Combine that with two concerts (Kongos and J. Roddy Walston... more on that later), craziness at work and rebooting a daily running routine and suddenly you realize you haven't posted in almost a week.
So, it took a little direct inspiration to get me to my keyboard today. While sifting through my photos, I found some oddities.
Not a photo-bombing relative or anything like that; rather, I found a neat vintage oddball that I had yet to showcase and/or brag about on "Jenga."
Who doesn't love vintage? Who doesn't love oddballs? Together they make a winning combination:
I had never seen anything like this first one until it popped up on Ebay:
This bit of trivia was brought to you by Gad Fun Cards.
This multi-sport set was released in 1963 by an illustrator known as, you guessed it, Gad. It appears to have been a regional release, originating from Minnesota.
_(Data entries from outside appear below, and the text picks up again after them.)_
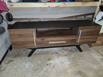 Wood grain TV stand / media console with black top and storage. Made out of partical board.$70Farmington, MI
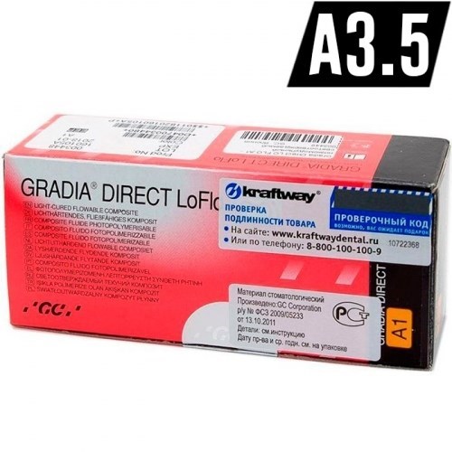 Описание: GС Gradia Direct LoFlo цвет А3.5 (2 шприца х1,5г), светоотверждаемый гибридный композитGC GRADIA DIRECT LoFlo – это многоцелевой светоотверждаемый рентгеноконтрастный микронаполненный гибридный композит, выделяющий фтор. Благодаря разработанной GC новой технологии HDR (Рентгеноконтрастный пре-полимеризованный наполнитель высокой плотности) материал обладает великолепной устойчивостью к абразии. Благодаря более густой консистенции материала (более низкая текучесть) он идеально подходит для пломбирования полостей по III и V Классу и полостей в пришеечной области.
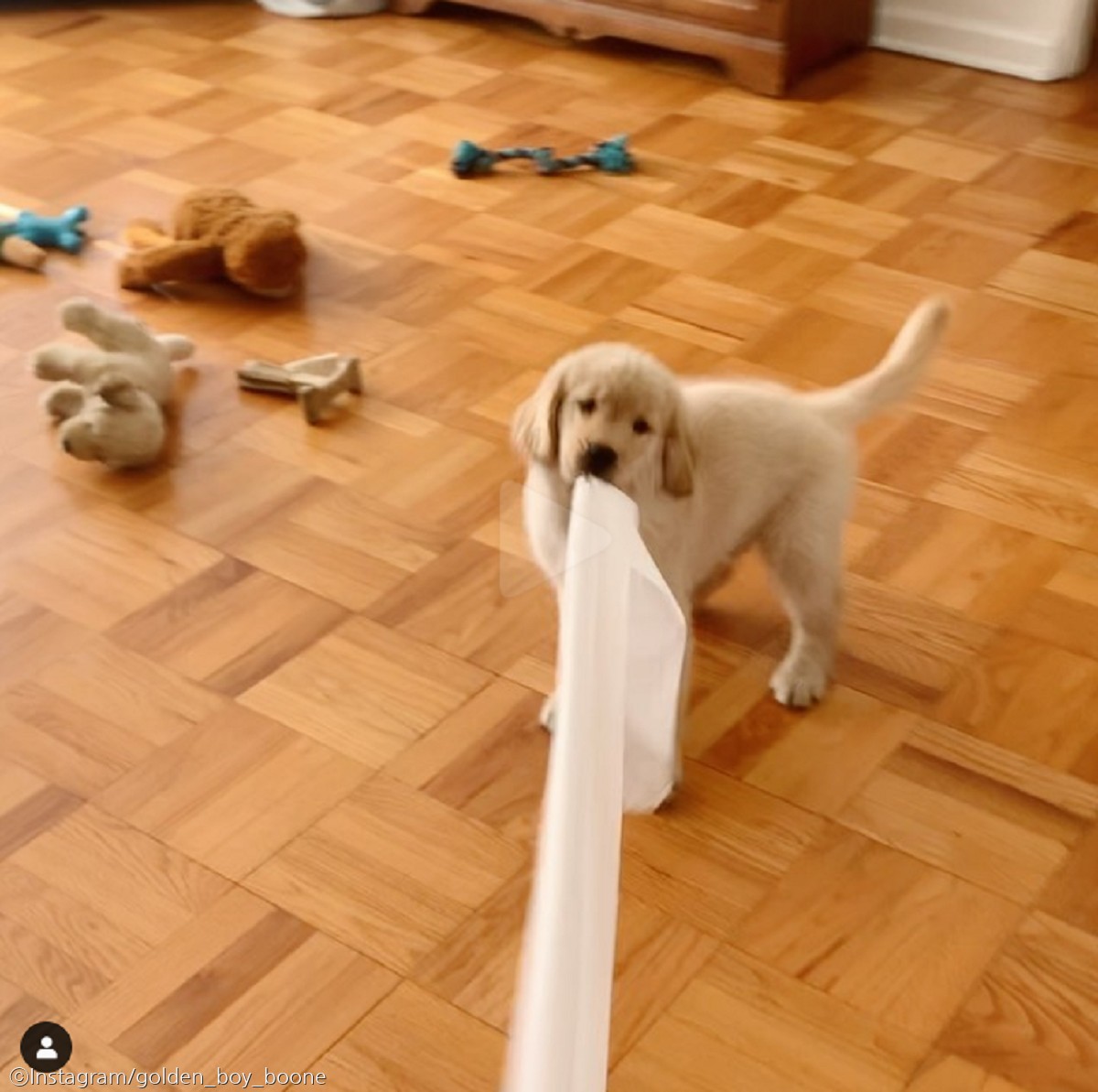 지난 10일 인스타그램 계정@goldenretrievershub에 올라온 영상 속에서 분은 화장실 휴지걸이에 걸려있는 두루마리 화장지를 입에 물고 방으로 향하고 있다.
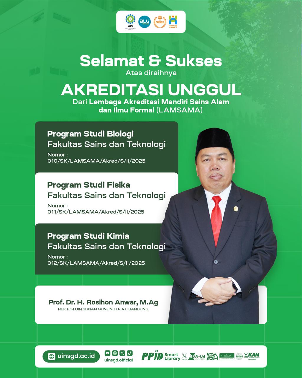 “Alhamdulillah, segala puji bagi Allah SWT atas rahmat dan karunia-Nya. Program Studi Biologi, Fisika, dan Kimia UIN Bandung berhasil meraih predikat Unggul dari LAMSAMA. Prestasi ini patut kita syukuri bersama. Terima kasih kepada Bapak Rektor, para Wakil Rektor, para Kepala Biro, serta seluruh tim akreditasi Prodi yang telah berkontribusi dalam proses ini. Tak lupa apresiasi sebesar-besarnya kepada LPM, LP2M, SPI, dosen, tenaga kependidikan, mahasiswa, alumni, stakeholder, security atau satpam, cleaning service atau OB dan seluruh yang telah bekerja keras dengan penuh dedikasi. Keberhasilan ini adalah bukti nyata dari kerja sama yang solid dan semangat bersama untuk terus meningkatkan kualitas pendidikan di UIN Bandung,” ujarnya.
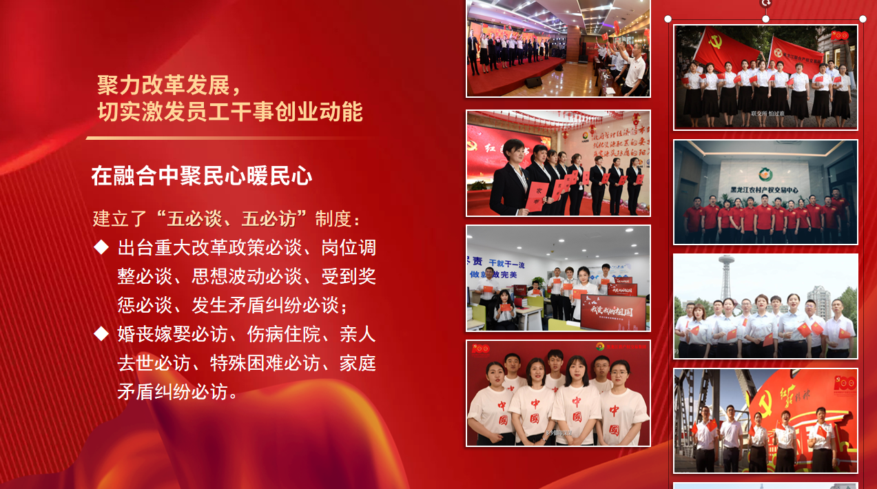 集團(tuán)黨委還引導(dǎo)黨員員工開展自主教育,組織開展“四愛四創(chuàng)”主題思想教育、“提質(zhì)增效、黨員先行”主題實(shí)踐活動(dòng)和“我為集團(tuán)發(fā)展獻(xiàn)一策”建議征集活動(dòng),充分激發(fā)員工“主人翁”意識,通過發(fā)揮思想政治工作統(tǒng)一思想、凝聚共識的重要作用,推動(dòng)集團(tuán)不斷實(shí)現(xiàn)高質(zhì)量發(fā)展,為龍江全面振興全方位振興貢獻(xiàn)了平臺力量。
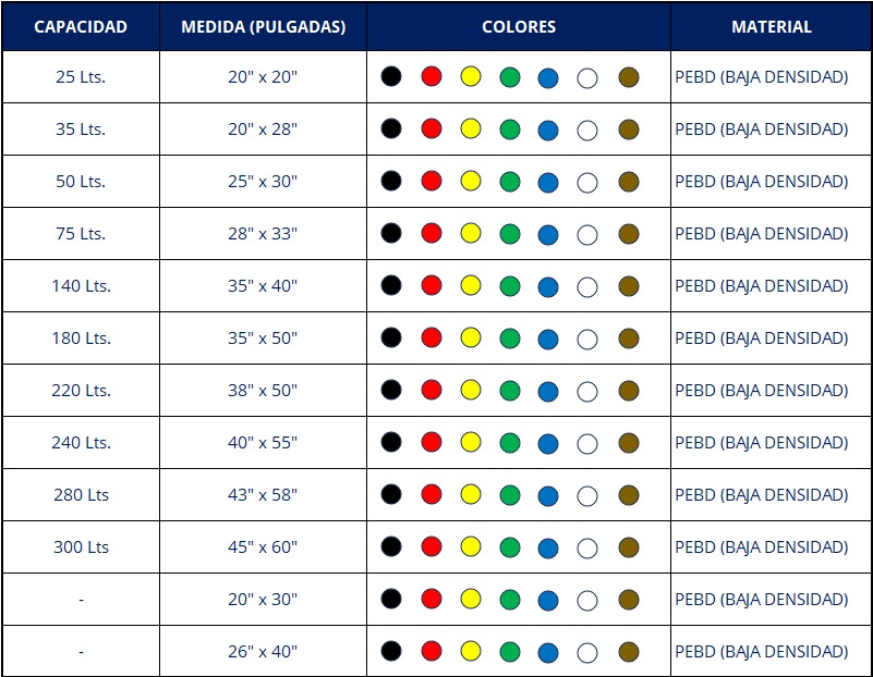 1. CAPACIDAD: Disponibles en diferentes capacidades, desde bolsas pequeñas para la cocina hasta bolsas más grandes para uso industrial, lo que permite adaptarse a diversas necesidades de eliminación de residuos.
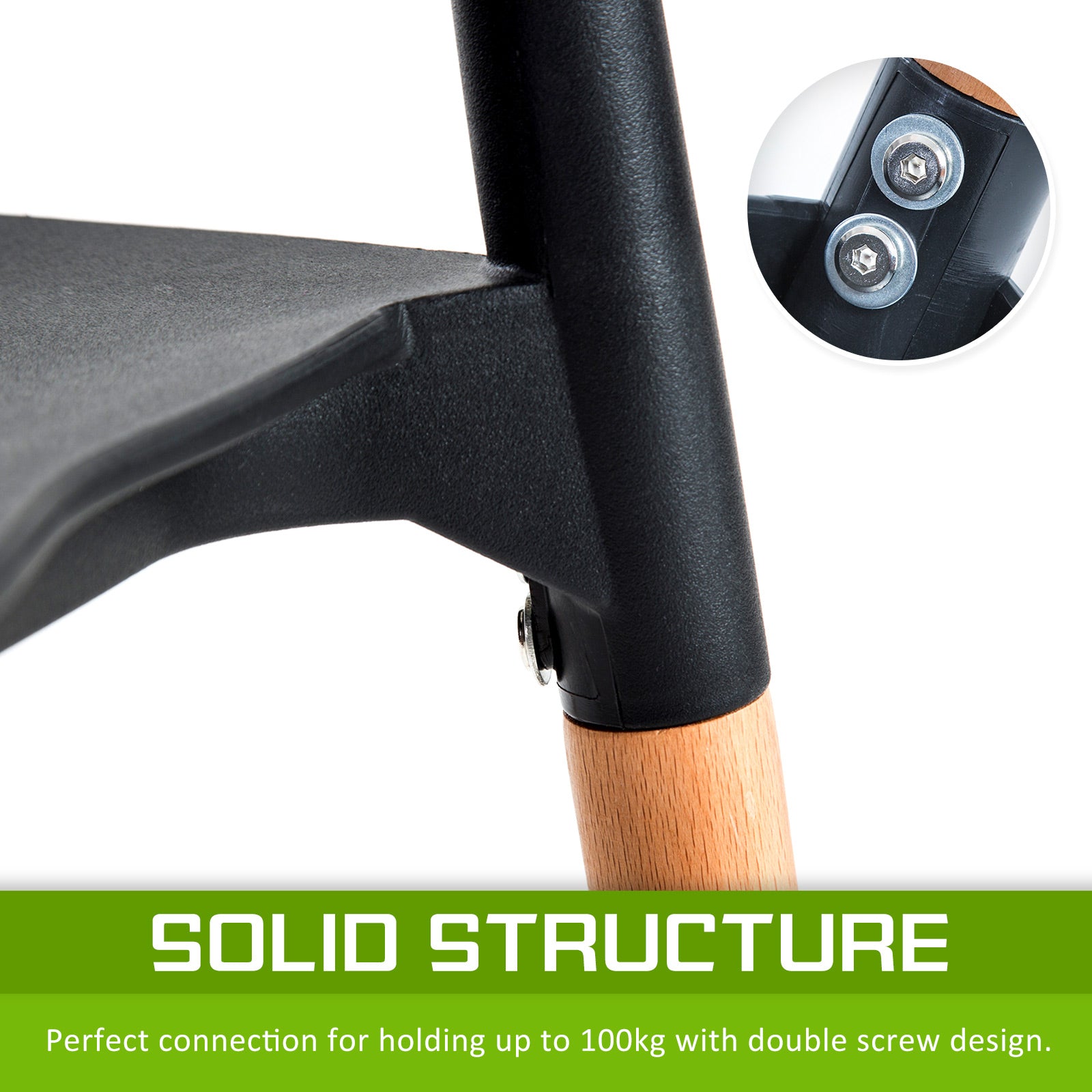 The chair seat is made of high-quality polypropylene plastic, providing maximum durability and comfort without sacrificing its original aesthetic design. Besides, the beech wooden legs will add extra strength to the chair, giving it an extra stability.
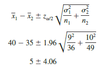 Using expression (10.1), we find that the point estimate of the difference between the mean ages of the two populations is X1 – X2 = 40 – 35 = 5 years. Thus, we estimate that the customers at the inner-city store have a mean age five years greater than the mean age of the suburban store customers. We can now use expression (10.4) to compute the margin of error and provide the interval estimate of Thus the interval estimate of the difference between two population means is as follows: μ1 – μ2. Using 95% confidence and za/2 = z.025 = 1.96, we have

The fronts all featured an illustration with a bit of trivia or an impressive statistic on the front. Now you know that Chicago Colt/Cub catcher Pop Schriver thought 60ft, 6in was for pansies.
The backs either contained rules for an accompanying card game or something like this:
This baseball card is a mental exercise, both informing and teasing your brain!
How could I pass up this little rarity for $2, shipping included?
It now resides in my CATRC as the representative for Mr. Schriver, who's only other release comes from the Old Judge days.
As Wayne Campbell might say, "They will be mine. Oh yes. They will be mine. (In my dreams)
One thing about this card though is that it shows cartoon Pop wearing a modern catcher's mitt.
I'm sure the minute bits of historical accuracy weren't of great concern to Gad, but Pop (a Colt/Cub from 1890-94) played during the rough-and-tumble bare-handed days of baseball. Mitts were for pansies.
No doubt, this left many a fielder with mangled hands - catchers especially, which I'm sure you can fathom why.
As a matter of fact, Schriver's hands were exceptionally repulsive.
In 1895, the New York Daily Herald's OP Caylor had the hands of several members of the New York Giants photographed. Schriver - then a Giant - “takes first prize in a display of distorted joints His right hand... has lost much of its resemblance to the natural member.”
Well, if you're going to have mangled hands, you might as well have the most mangled.
The hand of Pop Schriver
Speaking of mangling things, let me take a minute to discuss part of the reason my posting schedule has been mangled recently: rock and roll!
Last Thursday, courtesy of WKQX in Chicago, I won a couple of tickets to catch J. Roddy Walston & the Business at the Metro - just down the street from Wrigley.
I'd only heard two songs by the group going into it, but it was a free show in Wrigleyville, so I wasn't about to turn that down.
Although their sound system was pretty crappy (at many points, it was more buzz and over-modulation than music), it was still a decent set. I'd describe them as a more raw version of Kings of Leon - as if "Use Somebody" never happened.
Speaking of Kings of Leon, the opener on their current tour has been Kongos. This past Saturday, they broke away temporarily to headline their own show, also at the Metro.
I have raved about Kongos previously and they put on a lively, frenetic show. After experiencing their blend of garage/hard rock with folk, reggae, rap and even electronic influences at Firefly Music Fest, I couldn't help but be drawn back for a second taste.
Anyone who says the rock is dead should attend one of their shows - they are so much more than their radio-smash "Come With Me Now," which I love as well.
So, in summation, rock and roll distracted me from posting and a super awesome vintage oddball made me come back.
While I might miss a day or two or six and my posting schedule may get mangled worse than Pop Schriver's hands, Wrigley Roster Jenga will never die - much like the rock and roll that served as my distraction.
I think I tied that all together pretty nicely there, if I do say so myself.